# TASK GOAL:
Below is a listing; retype exactly the lines between the one containing "Använd steg 1" and the one containing "Электрогирлянда светодиодная ЗОЛОТАЯ", inclusive, minus the pictures.

# EXERCISE DATA:
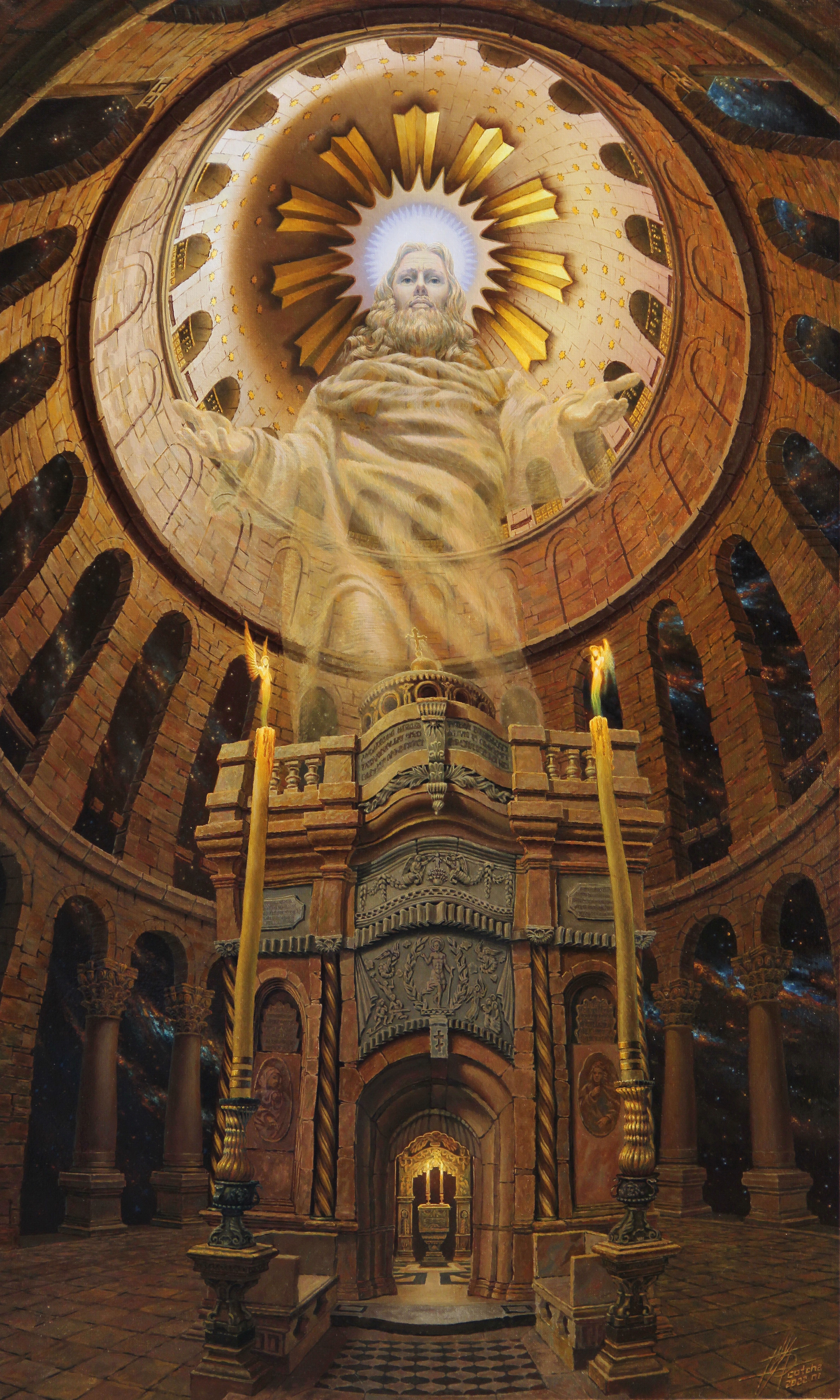 The painting seems to open the gates of a temple or cathedral to the viewer, in the center of which a majestic image of a divine being appears, shining with gold and light. A figure in long robes, with a radiant halo, as if built from clouds and secret energies, hovers under a massive dome filled with the symbolism of Eternity. Below is an artfully decorated altar, blazing candles. The entire space is permeated with light, not only earthly, but also cosmic - as if the temple is at the junction of worlds. The painting speaks of holiness, mystical experience, the meeting of the earthly and heavenly.
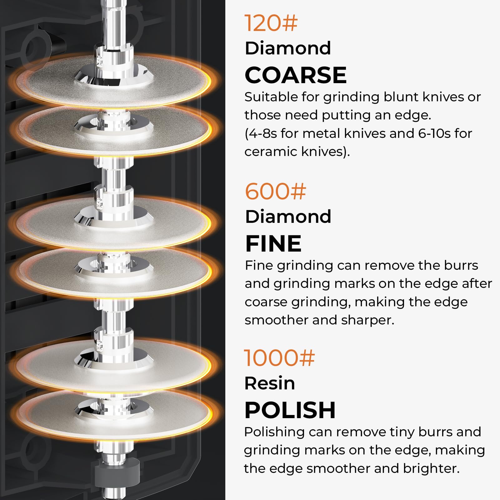 Använd steg 1 (120# diamant) för grovslipning av kraftigt slöa eller skadade knivar, steg 2 (600# diamant) för finslipning och borttagning av kanter, och steg 3 (1000# harts/polering) för att applicera en spegelblank finish som minskar friktionen och förlänger eggens hållbarhet.
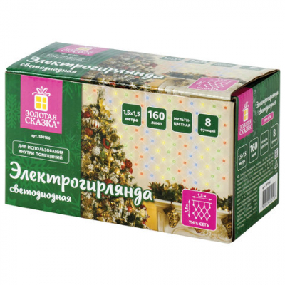 Электрогирлянда светодиодная ЗОЛОТАЯ СКАЗКА "Сеть", 160 ламп, 1,5х1,5 м, многоцветная, контроллер, 591106
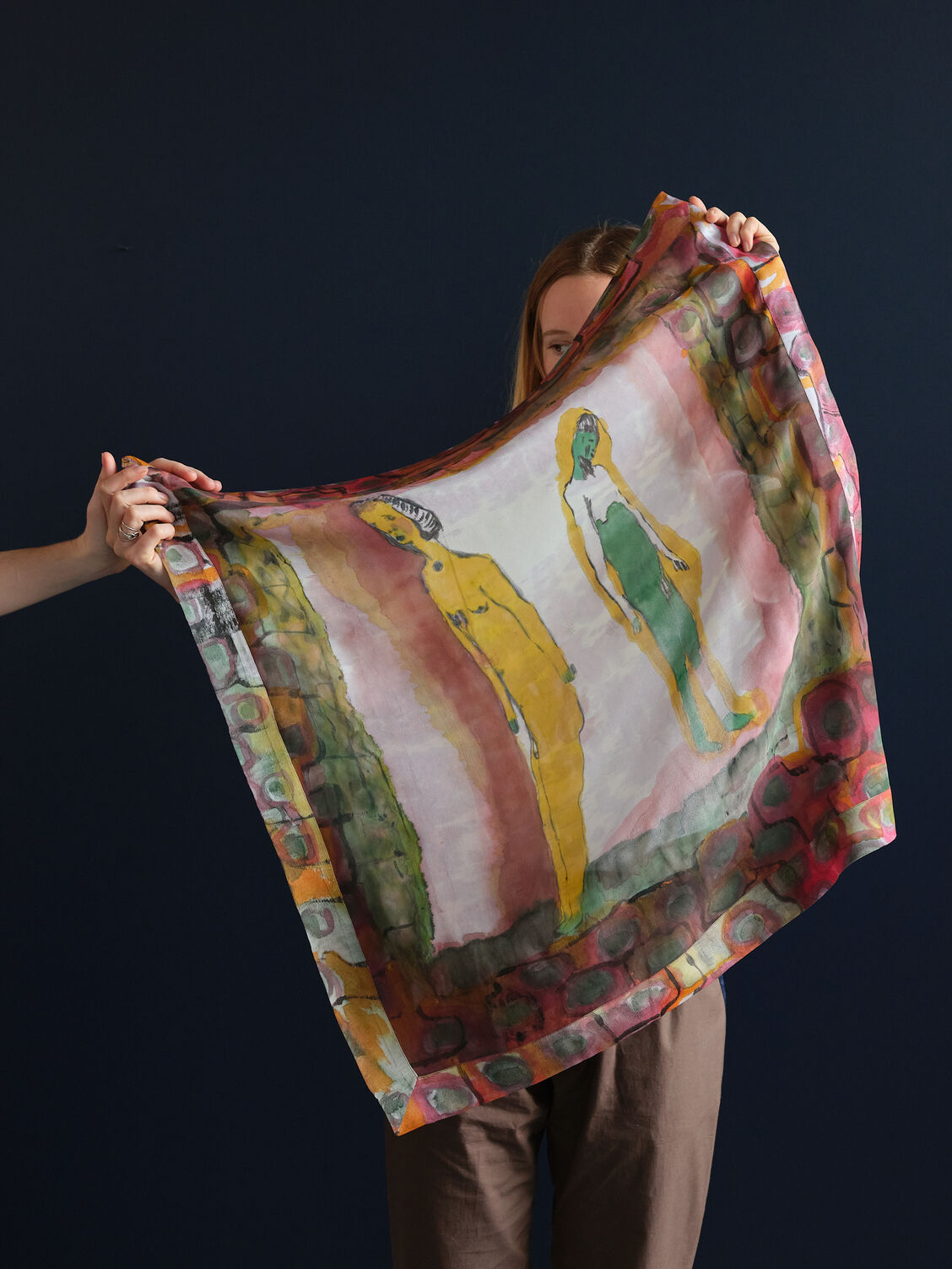 The collaboration between Shanley and the label Kārena/Carran has grown from a friendship formed in Ōtepoti. These scarves are a small part of a wider body of work that continues to unfold; posted back and forth between Portobello and Lyttelton. With many years as solo practicing artists the two find great satisfaction in communication and in the knowledge some ideas need more than one personality in order to exist.

# TASK OUTPUT:
 Använd steg 1 (120# diamant) för grovslipning av kraftigt slöa eller skadade knivar, steg 2 (600# diamant) för finslipning och borttagning av kanter, och steg 3 (1000# harts/polering) för att applicera en spegelblank finish som minskar friktionen och förlänger eggens hållbarhet.
 Электрогирлянда светодиодная ЗОЛОТАЯ СКАЗКА "Сеть", 160 ламп, 1,5х1,5 м, многоцветная, контроллер, 591106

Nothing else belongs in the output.